Trudeau was interviewed by CNBC News yesterday.
Prime Minister Justin Trudeau spoke favourably about the North American Free Trade Agreement (NAFTA) and the Trans-Pacific Partnership (TPP) while in the United States yesterday.
The Globe and Mail reports, “Trudeau says he’s not worried the election of Republican front-runner Donald Trump or Democratic contender Bernie Sanders could lead to the dismantling of the North American free-trade agreement. …The Prime Minister spoke glowingly about NAFTA and called for an ‘increasingly integrated North America’, but he was less pessimistic about the dangers to the trade deal, suggesting the political posturing is simply part of the election cycle.”
Trudeau also told CNBC, “I think we have to understand that trade is ultimately good, not just for our countries, but for our businesses and our workers. I’m not worried that we’re going to suddenly reopen NAFTA or other trade deals: The challenge is once you reopen it a little bit, they all tend to unravel, and it’s too important for both of our economies to continue to have a strong trading relationship.”
This would suggest that Trudeau would not be open to the idea that the investor-state dispute settlement (ISDS) provision in NAFTA should be renegotiated, despite the recent US$15 billion ISDS challenge by Calgary-based TransCanada against the US for rejecting the 830,000 barrel per day Keystone XL tar sands pipeline, nor the ISDS amendments Canada has endorsed in the yet-to-be-ratified Canada-European Union Comprehensive Economic and Trade Agreement (CETA).
And in response to a question about the Trans-Pacific Partnership, Trudeau stated, “In our conversations with Canadians, with industries which are ongoing, there are a lot of people in favour of it and there are a few who have real concerns and we’re looking at understanding and allaying certain fears and building on some of the opportunities.”
But Trudeau’s take on how Canadians feel about the TPP runs contrary to what the polls are saying.
An EKOS poll in October 2015 found that 41 per cent of Canadians support the TPP, while 38 per cent oppose it. An Angus Reid Institute poll this February found that 32 per cent of Canadians support joining the TPP, 20 per cent oppose it, and 49 per cent do not have an opinion.
That is at best lukewarm support for the deal and the gap widens significantly on specific questions. The EKOS poll found:
– 61 per cent say the TPP will mean job losses in Canada (24 per cent disagree)
– 49 per cent say it will mean greater income inequality in Canada (30 per cent disagree)
– 45 per cent say it mean environmental damage in Canada (36 per cent disagree)
– 72 per cent say it won’t mean higher wages in Canada (11 per cent disagree)
Trudeau’s views are also in contrast to both Bernie Sanders and Donald Trump who oppose the TPP and who have described NAFTA as a disaster.

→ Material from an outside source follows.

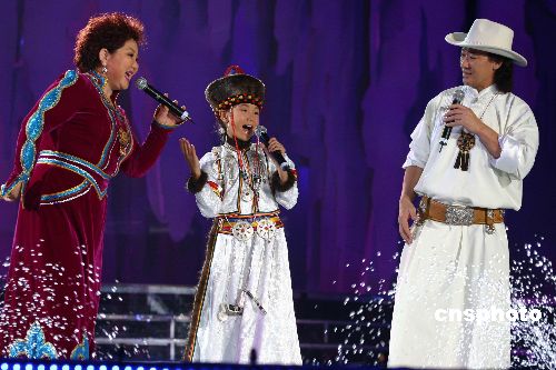 中國國際廣播電臺主持人布仁巴雅爾創作,并由他和妻子烏日娜以及7歲的小侄女英格瑪上臺演唱的《吉祥三寶》清新自然,頗受歡迎。

Thomas Frank recently commented in The Guardian, “To judge by how much time he spent talking about it, trade may be [Donald Trump’s] single biggest concern – not white supremacy. Not even his plan to build a wall along the Mexican border, the issue that first won him political fame. …It seems to obsess him: the destructive free-trade deals our leaders have made, the many companies that have moved their production facilities to other lands, the phone calls he will make to those companies’ CEOs in order to threaten them with steep tariffs unless they move back to the US.”

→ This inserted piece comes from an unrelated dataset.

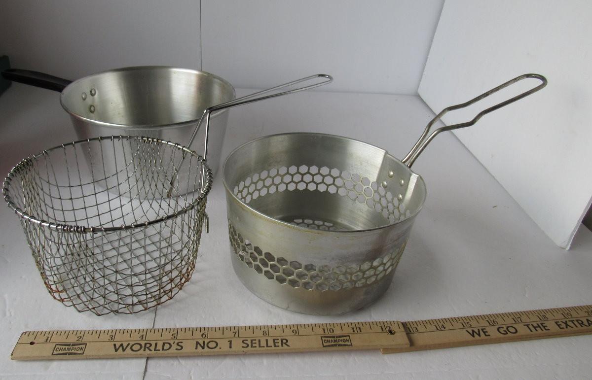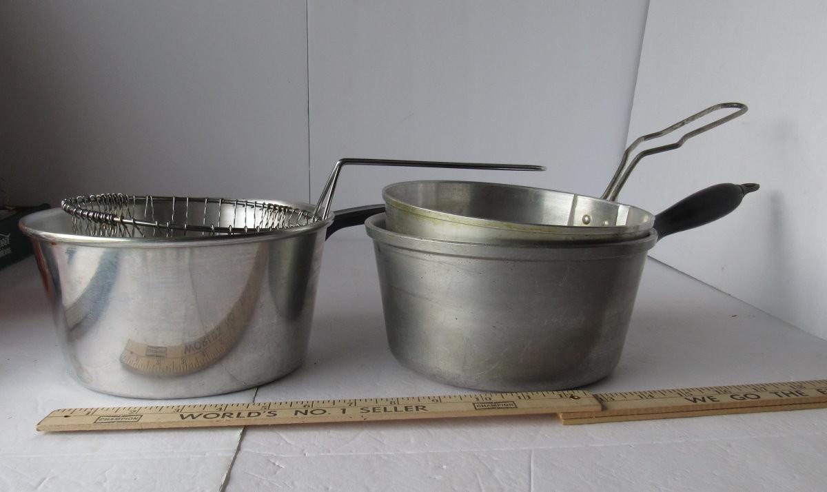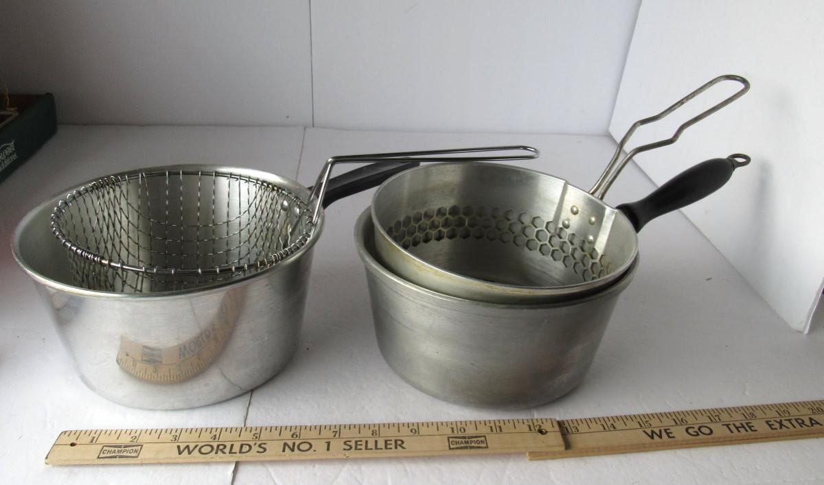 2 Old Deep Frier Sets, One With Nice Sturdy Wood Handle

Frank then notes, “I have no special reason to doubt the suspicion that Donald Trump is a racist. Either he is one, or (as the comedian John Oliver puts it) he is pretending to be one, which amounts to the same thing. But there is another way to interpret the Trump phenomenon. A map of his support may coordinate with racist Google searches, but it coordinates even better with deindustrialization and despair, with the zones of economic misery that 30 years of Washington’s free-market consensus have brought the rest of America. …The obvious reality [is that] Trumpism is just a crude and ugly expression: that neoliberalism has well and truly failed.”

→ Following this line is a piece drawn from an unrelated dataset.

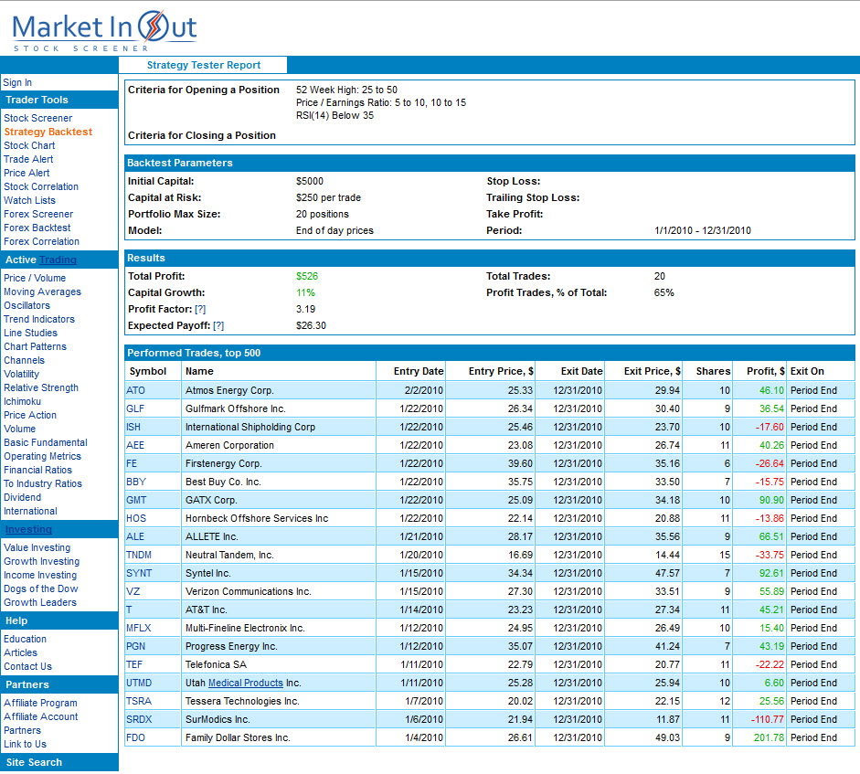 The Education section of the website is great for investors who would like to trade more, expand on their arsenal of analysis tools, or test the viability of various technical methods. This section is essentially an online version of “Technical Analysis from A to Z” by Steven Achelis (McGraw-Hill, 2000), which is a concise reference on a vast array of technical indicators and line studies for investors who are new to technical analysis. What makes the online version different from the book is that, for some of the indicators, MarketInOut provides direct links to screening criteria that uses the indicators. For instance, after reading about the MACD indicator, users can go to the bottom of the page and backtest any of the MACD screening criteria offered on the website to see how well it would have worked had it been applied in the past.

Trudeau may see ‘political posturing in the election cycle’, but Council of Canadians trade campaigner Sujata Dey has commented, “In Europe, many of the right-wing parties such as France’s Front National or Poland’s Law and Justice Party are opposing free trade agreements. At the same time, from the left of the spectrum, voices such as Bernie Sanders and Jeremy Corbyn are also targeting free trade. …In the meantime, the centre and centre-left fail to gain steam. There is a reason for this. It is important for all political parties to address these issues. Inequality, whether determined by income, gender, race, disability or sexual orientation, is very much alive. And these deals are not making it better.”